是否可以使用指向函数类型的指针来专门化模板，这样可以分别查看此指针中使用的所有类型？

Question

#include <iostream> 

template<typename T_function_type> 
struct pointer_wrapper { 

    T_function_type function_pointer; 

    explicit pointer_wrapper(T_function_type ptr) : function_pointer(ptr) { } 

    ~pointer_wrapper() { } 

}; 

template<typename T_return, typename T_arg1, typename T_arg2> 
pointer_wrapper<T_return (*)(T_arg1, T_arg2)> fabricate_some_trait(T_return (*ptr)(T_arg1, T_arg2)) { 

    return pointer_wrapper<T_return (*)(T_arg1, T_arg2)>(ptr); 

} 

void hello(std::string const& name, std::string const& surname) { 

    std::cout << "Hi " << name << " " << surname << "! "; 

    std::cout << "Was wondering if it\'s possible to modify "; 

    std::cout << "some_trait template in that way that it\'s "; 

    std::cout << "capable of deducing function (as well as "; 

    std::cout << "static and member one) type like the "; 

    std::cout << "template function fabricate_some_trait is. "; 

    std::cout << "So I can use these traits in typedef. "; 

    std::cout << "Will be perfect if no <functional>, "; 

    std::cout << "Boost.Function nor sigc::signal is going "; 

    std::cout << "to be used.
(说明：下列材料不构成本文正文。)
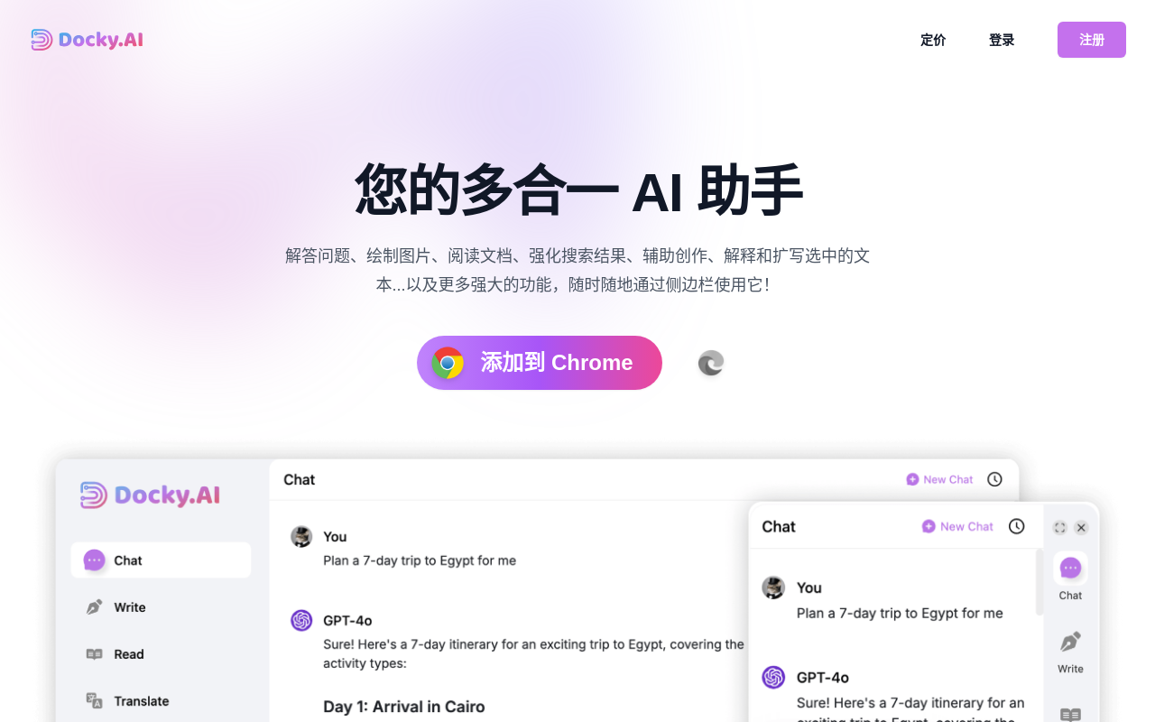 Docky AI 是一个集成了GPT-4o、DALL-E3等多种模型的智能平台。它能总结网页、解析PDF/PPT文件、进行图像识别,并支持通过AI群聊功能让多个模型协同工作。适用于学术研究、内容创作、商务办公等需要高效处理文本、图像与多语言任务的场景。提供浏览器插件,有免费和订阅版本可选。
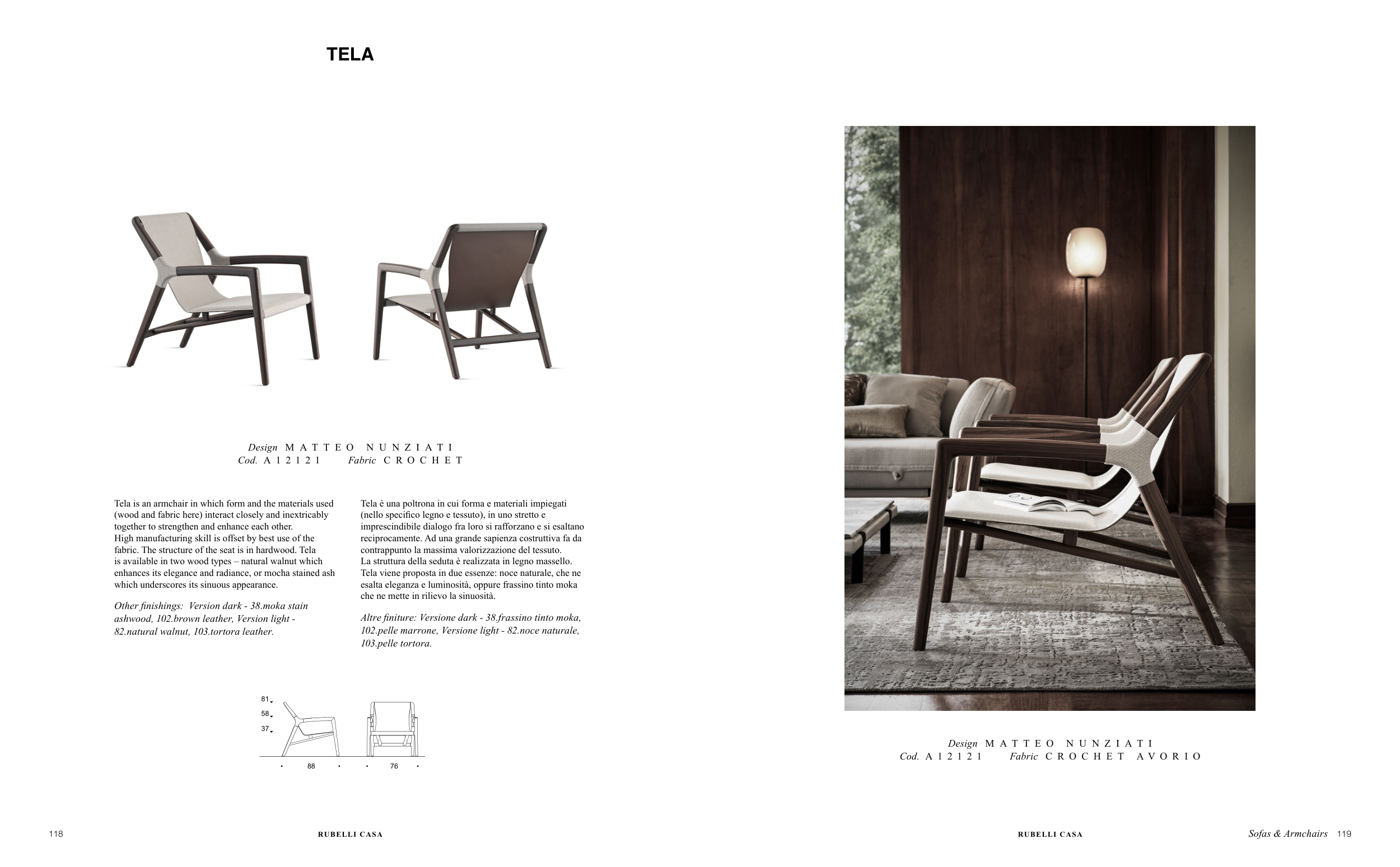 Tela viene proposta in due essenze: noce naturale, che ne

Hope you can help and sorry "; 

    std::cout << "in advance about the form of this question, "; 

    std::cout << "just feeling good today." << std::endl; 

    std::cout << "Cheers!" << std::endl; 

} 

int main() { 

    // need 
    // some_trait<hello>::function_type hello_pointer = hello; 
    // hello_pointer("Stackoverflow", "User"); 

    fabricate_some_trait(hello).function_pointer("Stackoverflow", "User"); 

} 

/* 
template<typename T_return_type(*)(typename T_arg, typename T_arg2)> 
struct some_trait { 

    typedef T_return (*function_type)(T_arg1, T_arg2); 

    typedef T_return result_type; 

    typedef T_arg1 arg1_type; 

// (...) 

}; 
*/ 

Answer 1

你想提升的类型特征，具体功能特点：

http://www.boost.org/doc/libs/1_43_0/libs/type_traits/doc/html/boost_typetraits/reference/function_traits.html

它的工作原理只是普通的C函数指针细，无需使用boost ::为sigc ::信号的功能。通过函数特征，你可以单独提取返回类型和每个参数类型，不需要自己完成特殊化。

如果你根本不能使用boost，那么你仍然可以检查它们的实现以获得它的工作原理的一般概念。